Bedarfe von Menschen mit Fluchterfahrung in Freiburg

Bedarfe von Menschen mit Fluchterfahrung in Freiburg
Förderer:
Eigenfinanzierung, Spenden

Laufzeit:                
06/2016-12/2016

Projektleitung:
Prof. Dr. Isolde Geissler-Frank, Prof. Dr. Katrin Toens

Team: 
Projektkoordination und -umsetzung: Anna Fünfgeld, M.A.

Wissenschaftliche Hilfskräfte:
 
Adrian Etzel, Kim Schröder & Christian Häußler

Typ der Forschung:
Methodenmix, quantitative und qualitative Sozialforschung

Kooperationen:
DRK Freiburg, Stadt Freiburg



Fragestellung und Hintergrund der Studie

Das Forschungsprojekt beschäftigte sich am Beispiel der BewohnerInnen der Stadthalle Freiburg (Notunterkunft) mit folgenden Fragestellungen:

(a) Welche Bedarfe bestehen bei Menschen mit Fluchterfahrung in Freiburg?
(b) Wie nehmen sie ihre Handlungsfähigkeit (agency) wahr?
(c) Inwiefern erleben sie ihre gegebenen Lebensumstände als bestärkend oder   einschränkend?
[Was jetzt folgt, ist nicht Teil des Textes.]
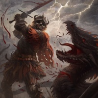 mythical creatures are battling it out. The knight's posture and expression suggest determination and readiness for combat.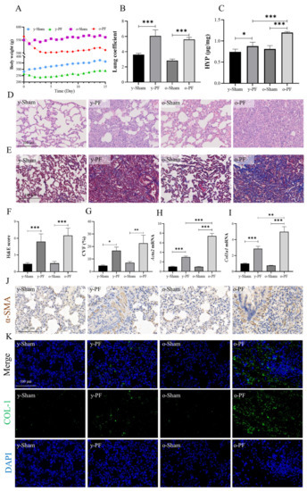 Rats were treated with bleomycin at day 0 and sacrificed on day 14 for analysis of the pathological index. The average body weights of rats in the y-Sham and o-Sham groups increased steadily or remained stable. The average body weight of the y-PF group decreased in the first 3 days after bleomycin treatment and increased from day 4. However, the average body weight of the o-PF group decreased steadily until 14 days (Figure 1A). Lung coefficients are calculated by (lung wight × 1000)/bodyweight, which reflects the degree of pulmonary edema and inflammation. The lung coefficients of rats in the y-PF group were significantly increased compared with those of the y-Sham group (p < 0.001), and the lung coefficients of the o-PF group were also significantly increased compared with those of the o-Sham group (p < 0.001) (Figure 1B). Compared with the y-Sham group, the HYP level, H&E scores, and CVF of the y-PF group were significantly increased (p < 0.05 and p < 0.001). Similarly, the indexes of the o-PF group were significantly increased compared with those in the o-Sham group (p < 0.01 and p < 0.001). In addition, compared with the y-PF group, the HYP level of the o-PF group also increased significantly (p < 0.001) (Figure 1C–G), which indicated that the degree of pulmonary fibrosis in old rats is more serious than that in young rats under the same conditions. Collagen I (COL-1) and α-SMA are biomarkers of many fibrotic diseases. In the present research, the mRNA and protein levels of lung tissues in rats were determined by real-time q-PCR and immunohistofluorescence analysis. The mRNA expression of Collagen I (Col1a1) and α-SMA (Acta2) in the PF groups (y-PF and o-PF) was significantly upregulated compared with the sham groups (y-Sham and o-Sham) (p < 0.001), and compared with the y-PF group, the mRNA expression of Col1a1 and Acta2 was significantly upregulated in the o-PF group (p < 0.01 and p < 0.001) (Figure 1H,I). In addition to the mRNA level, as shown in Figure 1J,K, the expression of α-SMA and COL-1 in the y-PF and o-PF groups was more than that in the y-Sham and o-Sham groups, and the area of biomarker expression in the o-PF group was more than that in the y-PF group. The results shown in Figure 1 demonstrate that the symptoms of pulmonary fibrosis are more severe in old rats than in young rats, indicating that the elderly are more susceptible to pulmonary fibrosis.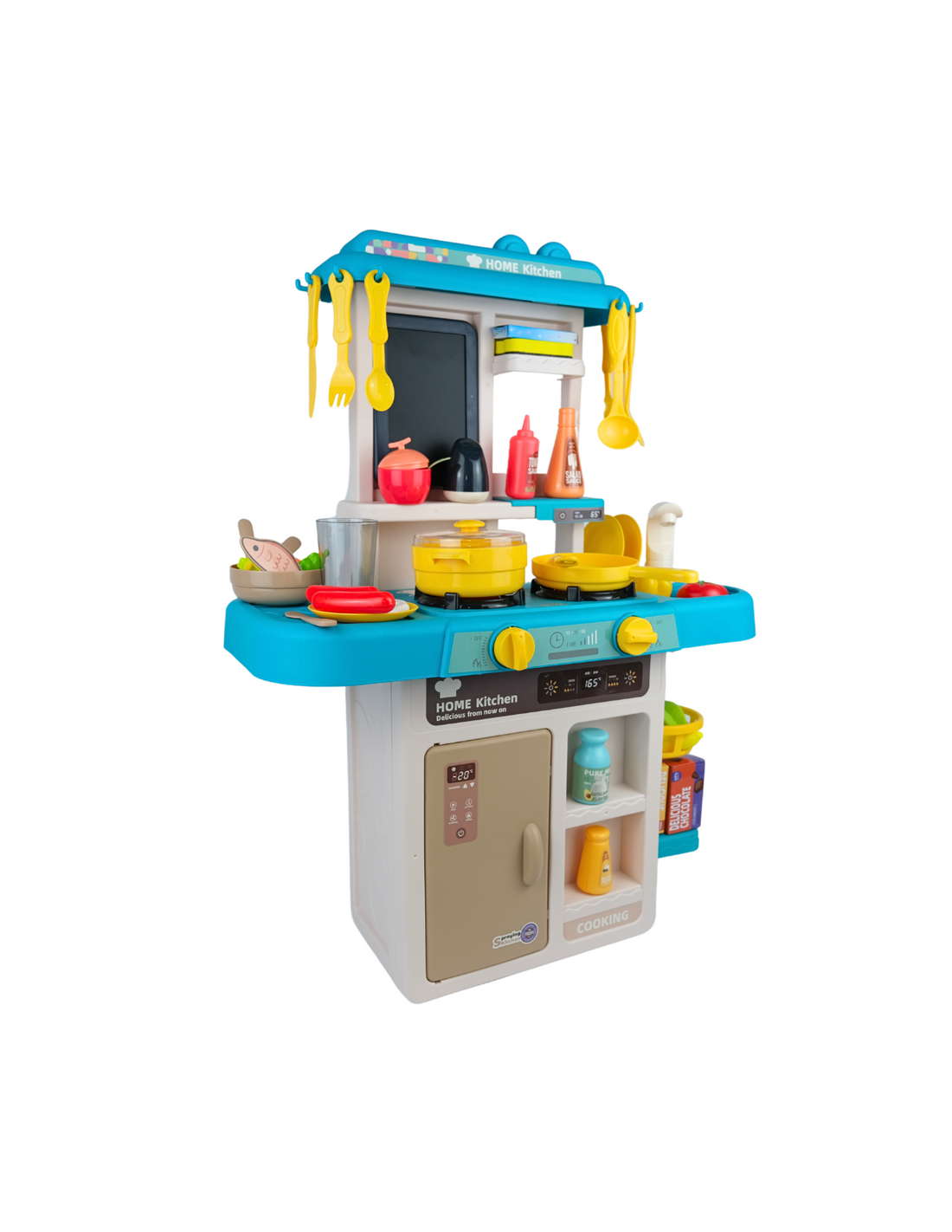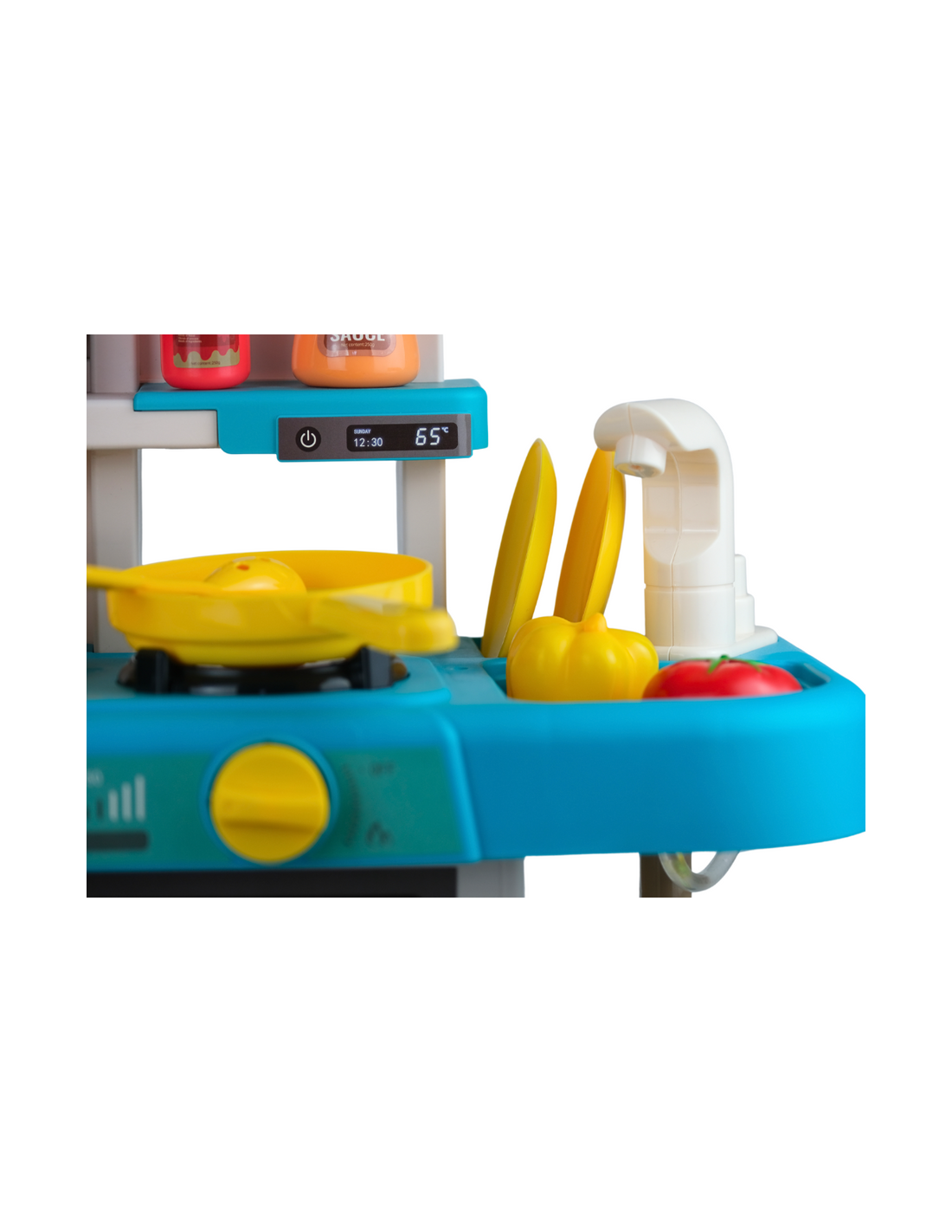 Rewelacyjna Kuchenka dla dzieci od marki WOOPIE to świetna i kreatywna zabawa dla twojego dziecka. Dzięki super odwzorowanym detalom, twoje dziecko poczuje się jakby naprawdę gotowało! Nasza kuchnia została wyposażona w funkcjonalny kran, z którego może lecieć prawdziwa woda. Dzięki obiegowi zamkniętemu, woda wróci do zlewu, umożliwiając dziecku zabawę w mycie warzyw, owoców, naczyń, czy nawet małych rączek. Z dwoma pokrętłami sterującymi palnikami, nasza kuchnia ożywa świetlnie i dźwiękowo. Pierwsze pokrętło włącza pierwszy palnik, rozbłyskując światłem, a drugie pokrętło aktywuje drugi palnik, towarzysząc temu migoczącym światłom i dźwiękom smażenia. Dodatkowo z pokrywki garnka wydobywa się para wodna, jak podczas prawdziwego gotowania! To nie tylko zabawka – to interaktywne narzędzie edukacyjne, które pozytywnie wpływa na rozwój wyobraźni i pobudza kreatywność dziecka.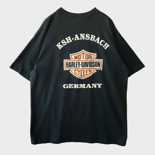 80's Harley-Davidson KSH-ANSBACH GERMANY ハーレープリントTシャツ 黒 (XL)/A3088T-SO

Im Hinblick auf alle drei Forschungsleitfragen wurde dabei eine differenzsensible Perspektive eingenommen, d.h. strukturelle und persönliche Positionierungen waren expliziter Bestandteil der Analyse.
So wurde hinsichtlich der Fragen (a) und (b) explizit herausgearbeitet, welche Rolle Differenzkategorien wie Geschlecht, Alter, sozio-ökonomischer Status, Herkunftsregion etc. für die Bedarfe sowie die Handlungsfähigkeit der ForschungspartnerInnen spielen.

Im Hinblick auf die Forschungsfrage (c) wurde sowohl die Bedeutung des persönlichen als auch des strukturellen Umfelds der ForschungspartnerInnen berücksichtigt. Aus Perspektive der ForschungspartnerInnen sollte diesbezüglich eruiert werden, inwiefern bspw. die Einbindung in familiäre Strukturen oder soziale Netzwerke und Weiterbildungs- und generelle Versorgungsangebote ihre Handlungsfähigkeit beeinflussen. Bei allen drei Fragestellungen stand die Perspektive der ForschungspartnerInnen im Zentrum des Erkenntnisinteresses.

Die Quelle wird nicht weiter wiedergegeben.